I imagine that many children have eaten apples, touched a baseball bat, and petted a cat by the time they enter kindergarten. But I suspect that the number of 4 year old radiologists in the world is rather small. Zero, I daresay. So when you hit page 24 of your picture book only to read the word "X-ray", I think it would be quite understandable if the word failed to resonate with the child. I mean, it's a crap example anyways. Why not just replace the rest of the words with things like F-bomb and Big-O and make all of the examples into useless self-references.

And what are the alternatives?
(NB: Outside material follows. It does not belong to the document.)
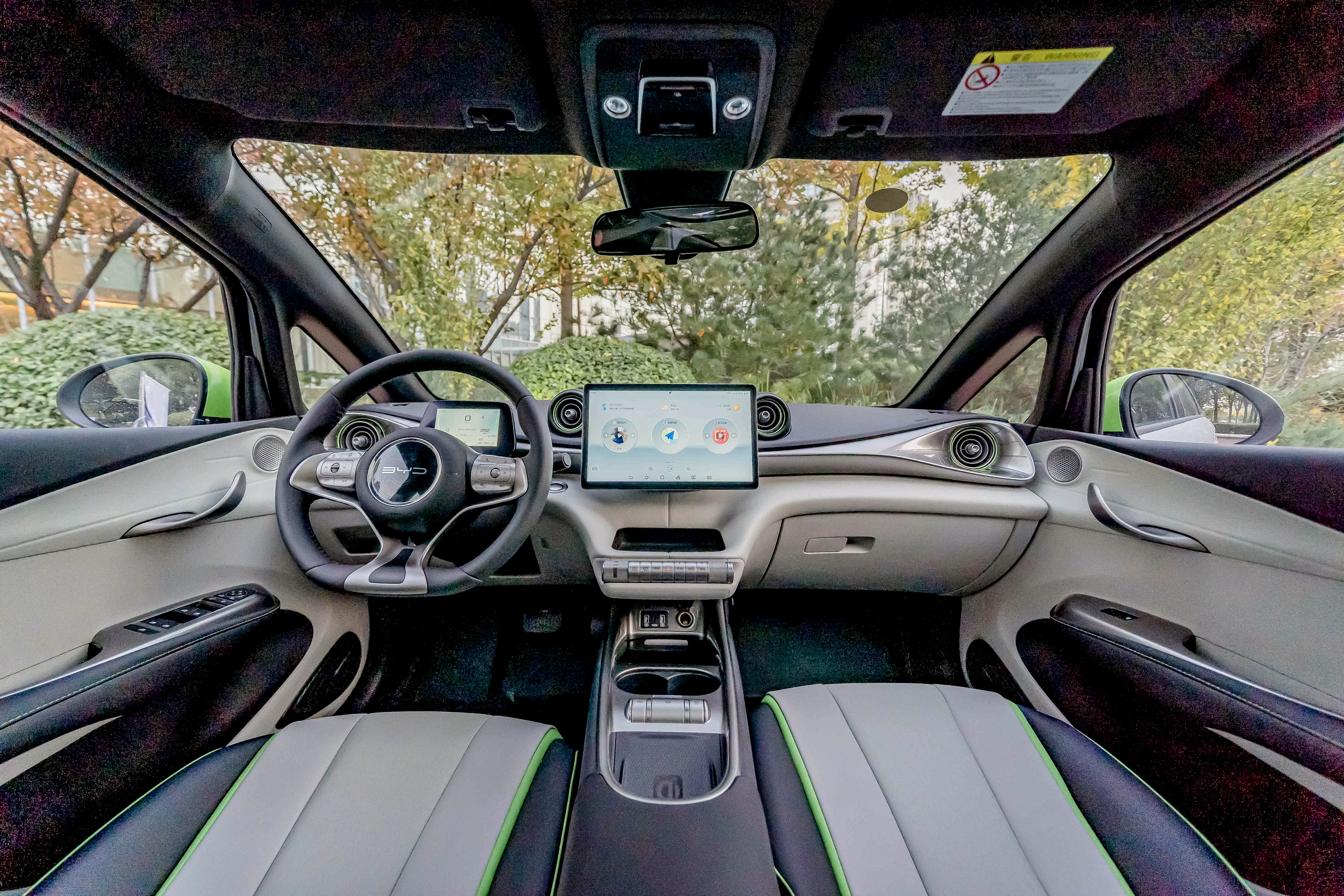 采用“闪闪蓝”“飒飒绿”“蜜蜜橙”作为跳色点缀的车型,也采用这三种颜色作为内饰配色。采用“噗噗粉”和“冲浪蓝”为主色的车型,同样以粉色和蓝色调作为内饰配色。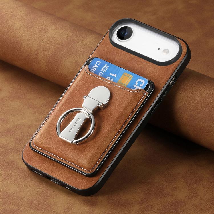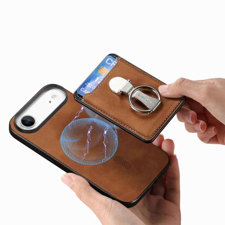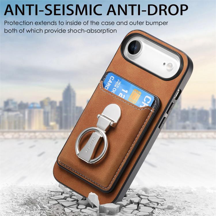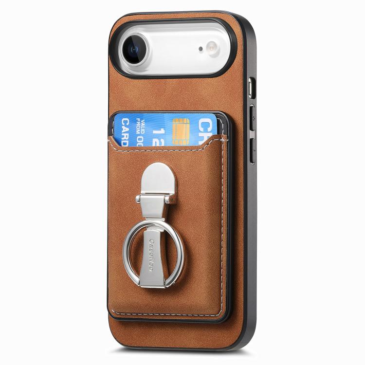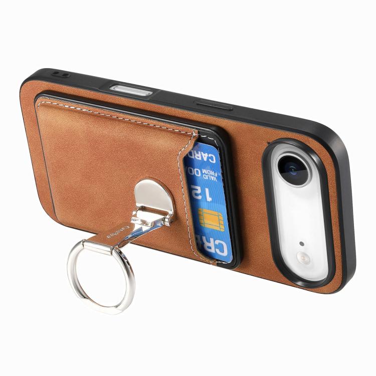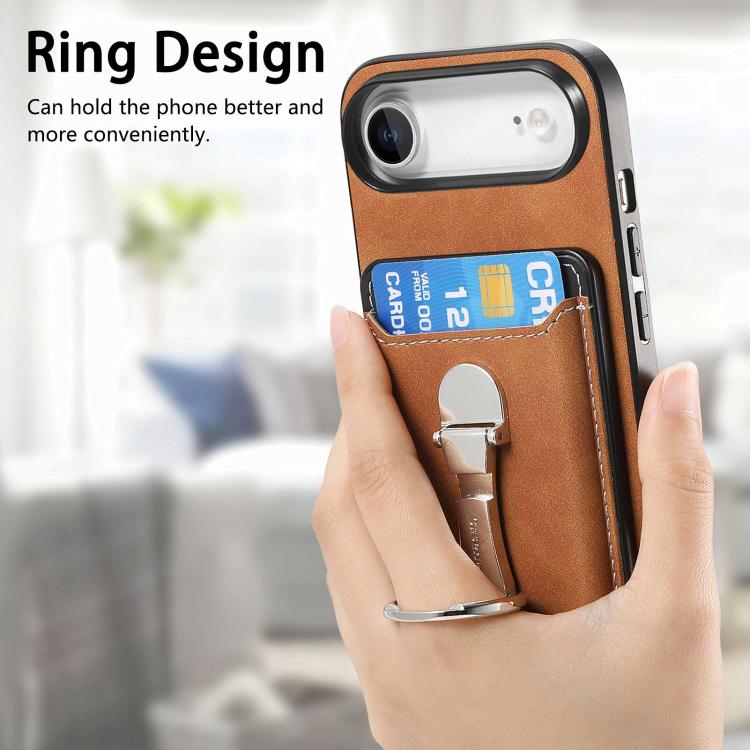 Funda retro plegable con anillo y tarjetero para iPhone Air (marrón)

Xylophone, it seems -- no doubt placed there by the percussionist lobby, because the only reason anyone has ever heard of that instrument is from those damn books. And until Black-Eyed Peas replaces Fergie with a xylophone virtuoso like Ian Finkel, that's unlikely to change.
As a letter, it's not like it does anything other letters can't do. In words like xylophone it's pronounced like a Z, and in words like exit, it could just as easily be replaced with ks. Really, the only thing X has going for it is its shape, which is kind of cool and mysterious -- taboo, even. The letter most similar in shape, the 'K', doesn't have quite the same mojo, and in any case, I don't think the porn industry would have done nearly as well with triple-K (i.e., KKK) movies. So I'm going to look to the growing Tea Party movement to see if I can get my idea out there and in the hearts and minds of voters intent on trimming Big Government and Big Alphabet, and hopefully getting the economy turned around.